GOAL OF THE EXERCISE: Retype the records word for word. Skip every image.

[Stored items]
____________________

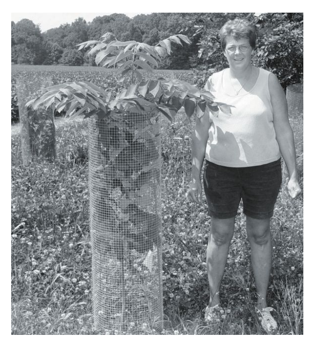
Figure 2.—Butternut plant (rooted cutting) after 2 years in the Southeast Purdue Agricultural Center field. For comparison, the woman in the photo is 160 cm tall.
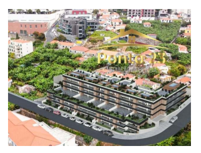
= 3 Bedrooms
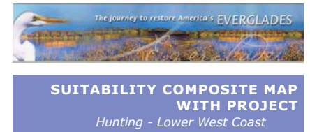
SUITABILITY COMPOSITE MAP WITH PROJECT Hunting - Lower West Coast
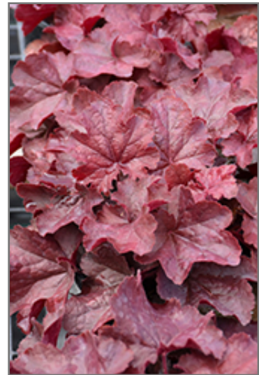
Northern Exposure Red Coral Bells foliage

Northern Exposure Red Coral Bells is recommended for the following landscape applications;
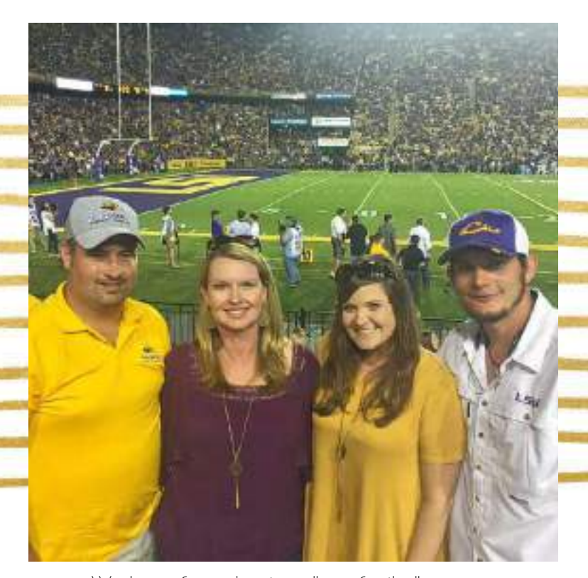
We have fun going to college football games and watching our favorite teams play!
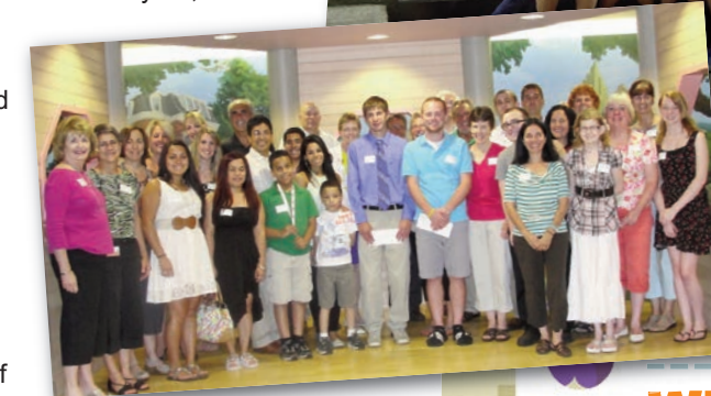
Kids receive Dino Germani College Scholarships

Each year current and former Tomorrow Fund patients who qualify are awarded a Dino Germani Scholarship to assist with the costs of college education. We are pleased to be part of this assistance, which is a stepping stone to our "kids" future. To date, 93 scholarships have been awarded.
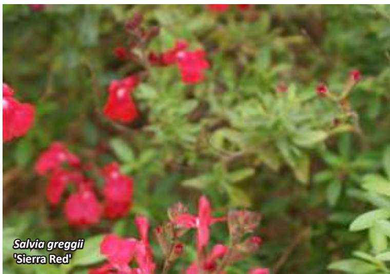
Salvia greggii 'Sierra Red'
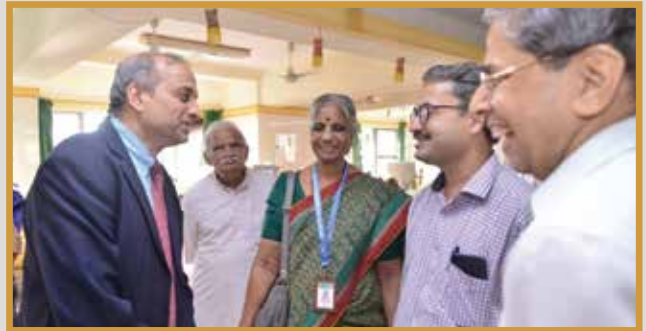
This generous donation was warmly appreciated by representatives of the Nana Palkar Smruti Samiti, who said that the machines would be very useful in offering very economical / free services to the needy patients undergoing dialysis treatment.
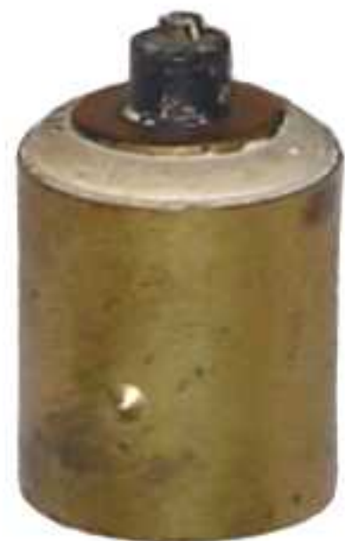
United States Base
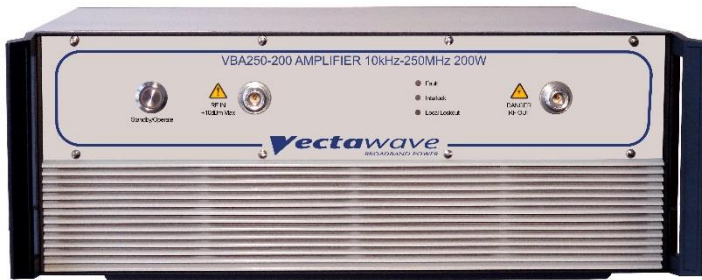
0.01-250MHz 200W P1dB

____________________

TASK ANSWER:
Figure 2.—Butternut plant (rooted cutting) after 2 years in the Southeast Purdue Agricultural Center field. For comparison, the woman in the photo is 160 cm tall.
= 3 Bedrooms
SUITABILITY COMPOSITE MAP WITH PROJECT Hunting - Lower West Coast
Northern Exposure Red Coral Bells foliage

Northern Exposure Red Coral Bells is recommended for the following landscape applications;
We have fun going to college football games and watching our favorite teams play!
Kids receive Dino Germani College Scholarships

Each year current and former Tomorrow Fund patients who qualify are awarded a Dino Germani Scholarship to assist with the costs of college education. We are pleased to be part of this assistance, which is a stepping stone to our "kids" future. To date, 93 scholarships have been awarded.
Salvia greggii 'Sierra Red'
This generous donation was warmly appreciated by representatives of the Nana Palkar Smruti Samiti, who said that the machines would be very useful in offering very economical / free services to the needy patients undergoing dialysis treatment.
United States Base
0.01-250MHz 200W P1dB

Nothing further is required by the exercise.